Professor Berkeley, in his leather jacket, sideburns and pipe, signals the establishment of democracy.
A fair assessment of “Andreas” is a difficult task, as is the case with great and divisive politicians. The further they move from their era, the more empty signifiers and legacies become available to many successors.
The restoration of the mythology of today is not only an atavism. Let’s not forget that amid the crisis, Greece in the 80s became controversial: on the one hand, it was demonized as a source of populist political culture, but also as a source of bankruptcy (although the fiscal collapse happened mainly in the second half of the 2000s). ); on the other hand, it was positively evaluated by those who believed that the achievements of the post-colonial period needed to be protected.
In this sense, the legend of Andreas remains attractive. Both for SYRIZA, which, although a descendant of the Andreas-hostile Renewal, replaced the PASOK electorate, and for PASOK, which, in an attempt to reorient itself towards social democracy, finds the identifying period of the heroic “Mediterranean socialism” more effective, despite the more “European” -Blerian (therefore more mundane) period of Simitis.
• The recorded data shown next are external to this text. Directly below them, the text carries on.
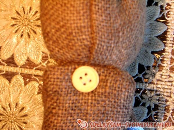 Создаем руки и ноги куклы. При помощи пуговиц формируем суставы. Крепим их к туловищу. Пришиваем голову.
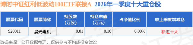 从基金规模来看,博时中证红利低波动100ETF联接A基金2026年一季度公布的基金规模为15.29亿元,较上一期规模1.82亿元变化了13.47亿元,环比变化了740.6%。该基金最新一期资产配置为:无股票类资产,无债券类资产,现金占净值比5.65%。从基金持仓来看,该基金当季前十大股票仓位达0.0%,第一大重仓股为晨光电机(920011),持仓占比为0.0%。
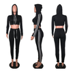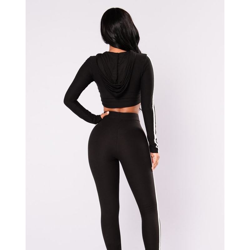 Women Ladies Tracksuit Crop Top Hoodies Sweatshirt Pants Sets Slim Wear Casual Suit black S
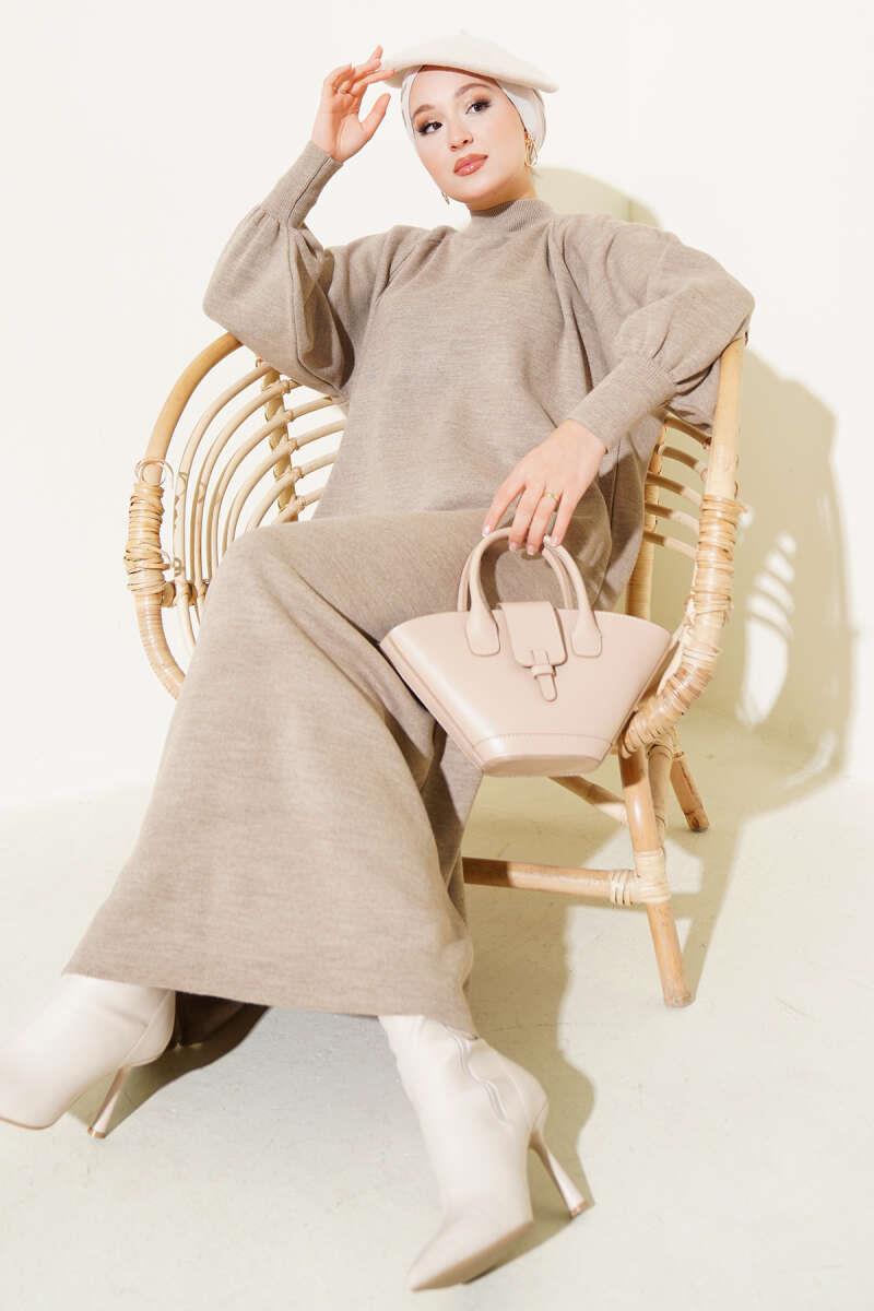 Balon Kol Triko Elbise Vizon (0875-6045-675718)
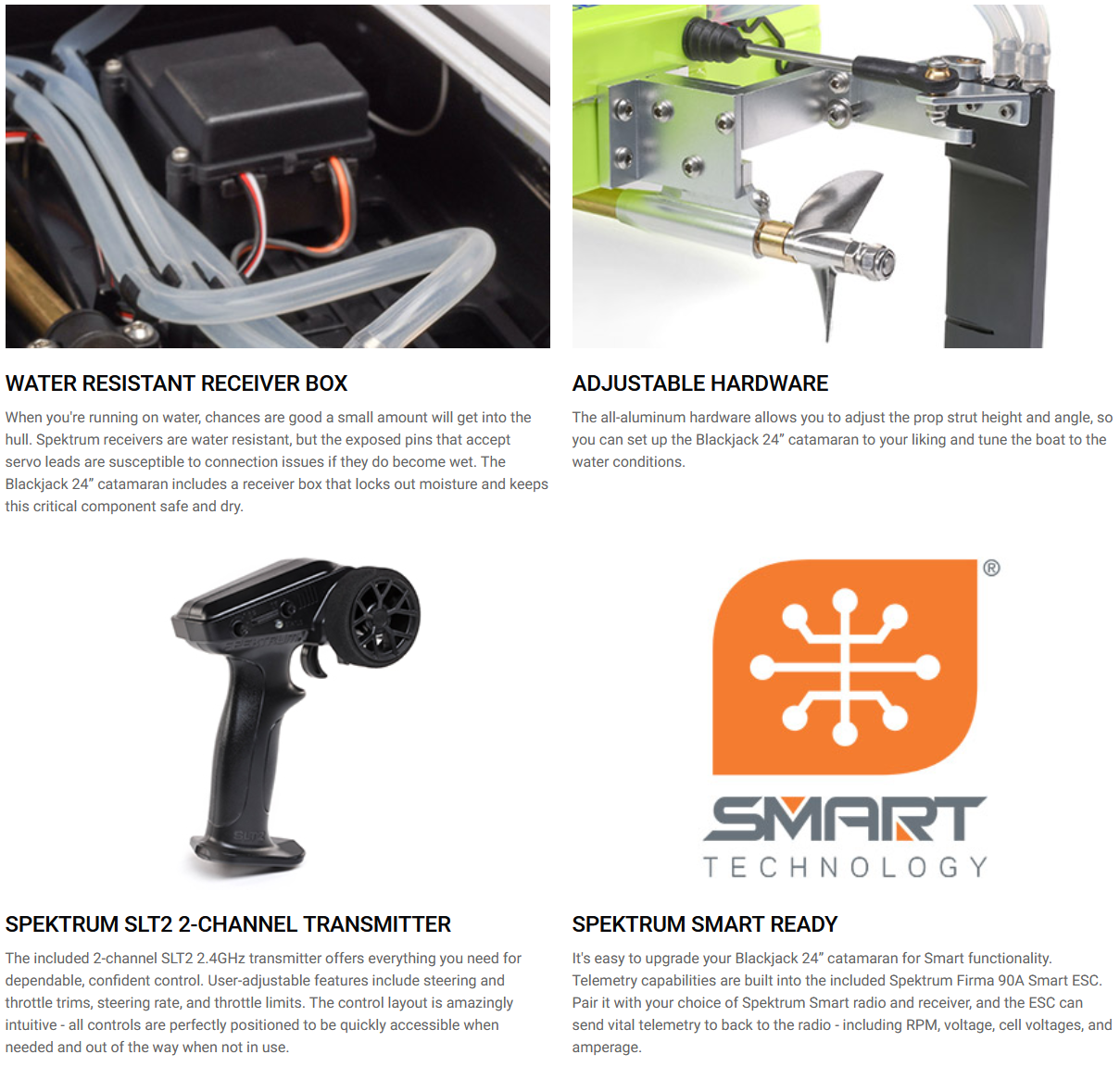 With its brushless power, Spektrum electronics, and forgiving catamaran hull, the Blackjack 24” makes a great boat for everyone from first-timers to experienced modelers. If you're already a fan of the Blackjack 42”, add this one to your collection and enjoy the same performance on lakes and ponds of almost any size, large or small.
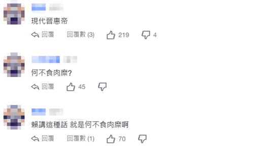 許多網友表示,“這句話就是韓國瑜說得比較貼切,莫忘臺灣人沒自己房子住的人太窮苦了”“宮廷內怎知世上苦人多”“人民生活痛苦指數你可知道!有錢有閑?薪水追不上物價”。

Perhaps in that founding moment we are looking for something that is missing today. A sense of epochal change, a horizon of expectation versus relapse; connection of the political body with the mass, popular subject; radical conflict delimiting identities, sometimes camps; a series of reforms synchronized with more advanced value trends in society; some, perhaps a strong leader in direct contact with the “people”.
The eclectic use of political mythology is not new. The question is whether the heirs will be able to incorporate elements of the legacy of a distant relative into the current project of social transformation. If not, it will be just post-date political passions.
Mr. Yannis Balapanidis is a political scientist and writer.